Mason came to the bathroom and Sidney said, reading the label. “Did you know that toilet cleanser was poisonous and could cause death if ingested orally?”
“I’d heard that somewhere,” Mason told him.
“I wasn’t sure,” Sidney said. “But since it says it on the bottle, I’m not going to use it for the salad dressing.”
“Which is what you had planned.”
“You know it was,” Sidney said. “That lovely hint of bleach and the blue fluid all over the romaine lettuce and tomatoes. Oh, well, we’ll have to use Caesar instead.”
The doorbell rang and Mason said, “I’ll get it.”
While Sidney went on cleaning the bathroom, which was the way all his thoughts came to him and his mind got sorted out, he could hear from the front of the house that it must be Keisha. He put the toilet brush down and came out to greet his wife.
“I’m here,” she said shoving bags of presents at them both. “What time is everything? When does everyone get here?”

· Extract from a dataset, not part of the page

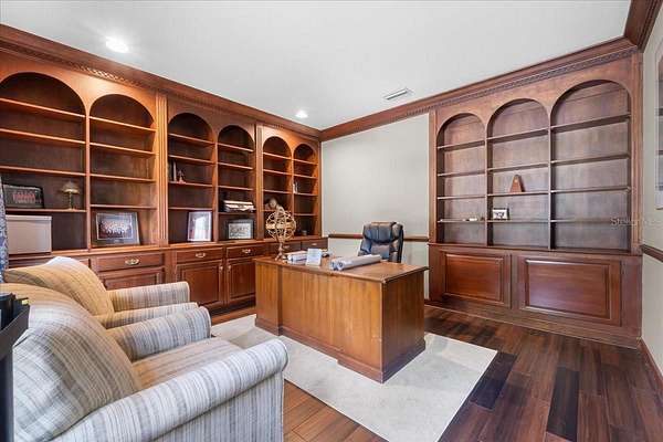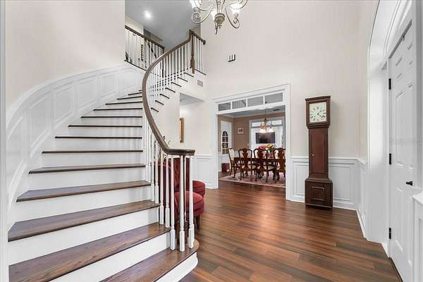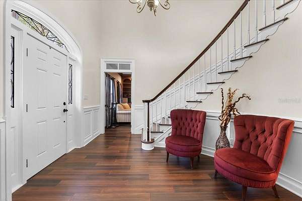 Winter Haven Chain-of-Lakes Executive Home on 1.86 Acres with Lake Eloise Frontage! Welcome to this elegant two-story home nestled on nearly 2 acres in a serene, park-like setting on Lake Eloise. From the moment you step into the grand foyer--with its sweeping curved oak staircase, wainscoting, and a stunning Palladian window--you'll appreciate the timeless craftsmanship throughout. The spacious living room centers around a large fireplace with a custom-designed Georgian mantel and matching built-in bookcases. In the formal dining room, you'll find exquisite built-in cabinets, while the private library features rich, custom cherry wood bookcases. The gourmet kitchen is a chef's dream, complete with a Jenn-Air double ovens, built-in breadbox, appliance garage, and cutting boards--all seamlessly integrated. The kitchen and breakfast area with an expansive 15x31 feet of space, ideal for both cooking and entertaining. Additional features include insulated Anderson casement windows, a dramatic two-story Greek Revival front portico, and wide 4-foot hallways throughout. Thoughtful details such as keystone window headers, dentil molding under the eaves, and decorative quoins on the brick front elevation add architectural charm. Enjoy your heated Infinity saltwater Pool with stunning views of the shaded backyard and Lake Eloise. Practical touches abound, including an underground dog fence, irrigation system, deep well with water conditioning, dual hot water heaters (including one with a heat recovery unit), and a dual-zone A/C system. The interior also boasts a well-equipped laundry room with cabinets, a built-in ironing board, and a laundry chute. Storage is plentiful, with easily accessible closets and attic spaces. Architectural features continue indoors with transom windows above the archways in the dining and living rooms, and a beautiful sunburst elliptical window with sidelights welcoming guests at the front door.
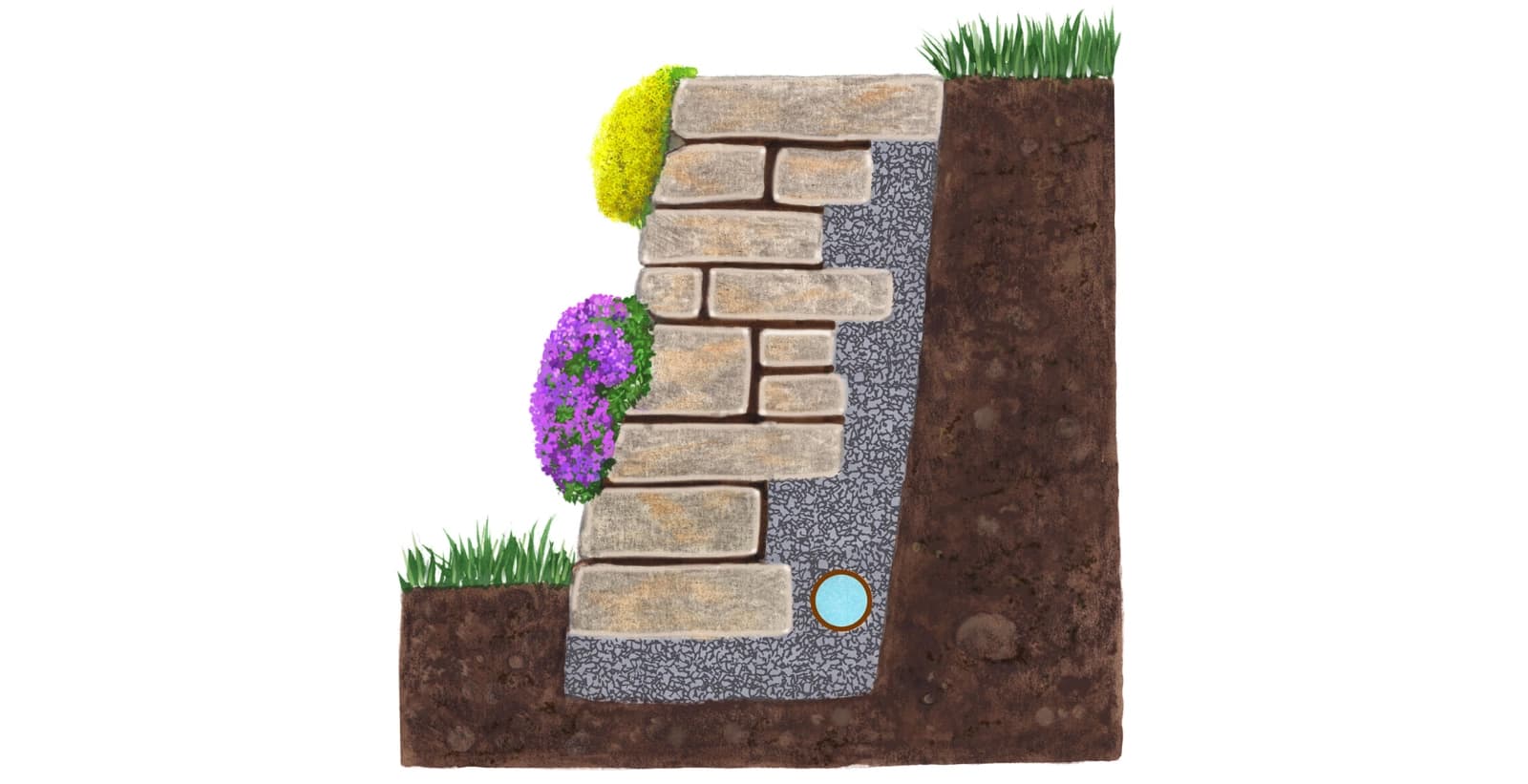 Tipp: Planen Sie Drainage und Wasserableitung mit ein – stauendes Wasser hinter der Mauer kann den Druck erhöhen und die Stabilität gefährden. Eine hinter der Mauer eingebrachte Kiesschicht und ein Drainagerohr sorgen dafür, dass Regenwasser sicher abfließen kann.

“Everyone’s just Addison and Tommy,” Mason said.
“No Mark. No Chris?”
“Ski trip,” Mason said.
“Oh, good, they get on my nerves. I’m sorry Sid,” Keisha said. “They’re too white for me. I feel like I should be eating cornflakes and mopping the floor in pearls and high heels like Donna Reed.”
“I don’t think you’ve ever mopped a floor,” Sidney told her. “in or out of heels.”
Keisha cocked her head to think about this, and then said, “No, I think you’re right. I tried once. But the soap was actually floor wax. That was a disaster.”